DESCRIPTION OF COMMON STOCK  

General

The following description summarizes the most important terms of our common stock. Because it is only a summary, it does not contain all the information that may be important to you. For a complete description of the matters set forth in this “Description of Common Stock,” you should refer to our articles of incorporation (the “articles of incorporation”), and second amended and restated bylaws, as amended (the “bylaws”), which are included as exhibits to our Annual Report on Form 10-K, and to the applicable provisions of Nevada law. Our authorized capital stock consists of 50,000,000 shares of common stock, par value $0.001 per share and 5,000,000 shares of preferred stock, par value $0.001 per share. Our board of directors is authorized, without stockholder approval, except as required by the listing standards of The Nasdaq Stock Market LLC, to issue additional shares of our capital stock.  

Common Stock

Voting Rights. Each holder of our common stock is entitled to one vote for each share on all matters submitted to a vote of the stockholders, including the election of directors. Our stockholders do not have cumulative voting rights in the election of directors. Our bylaws provide that in contested director elections (meaning elections in which the number of nominees exceeds the number of directors to be elected), directors are elected by a plurality of the votes cast, and the nominees receiving the greatest numbers of votes are elected to serve as directors. Our bylaws further provide that our directors are elected in uncontested elections by a majority of the votes cast, meaning that a director nominee will be elected if the number of votes cast for that nominee’s election exceeds the number of votes cast against that nominee’s election.

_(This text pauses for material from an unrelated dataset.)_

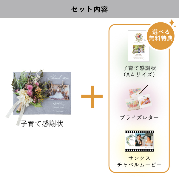 | 無料特典 | ブライズレター1セット(レターケース、専用レター5枚)、子育て感謝状(A4サイズ)(※フレームは付きません。)、サンクスチャペルムービーの中から1つお選びいただけます。 |
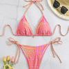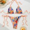 Experience a blend of style and allure with this exquisite bikini swimsuit, designed specifically for women. Crafted from high-quality polyester, the swimsuit offers a comfortable and slimming fit. It features a striking print and a captivating backless design, enhanced by a bandage style that accentuates your curves. The triangle bikini top adds an edgy and contemporary vibe, making it a perfect choice for any beach or poolside outing.

Dividends. Subject to the preference in dividend rights of any series of preferred stock that we may issue in the future, the holders of common stock are entitled to receive such cash dividends, if any, as may be declared by our board of directors out of legally available funds. 

Liquidation. In the event of any liquidation, dissolution or winding up, after payment of all debts and liabilities and after payment of the liquidation preferences of any shares of preferred stock then outstanding, the holders of the common stock will be entitled to participate pro rata in all assets that are legally available for distribution. 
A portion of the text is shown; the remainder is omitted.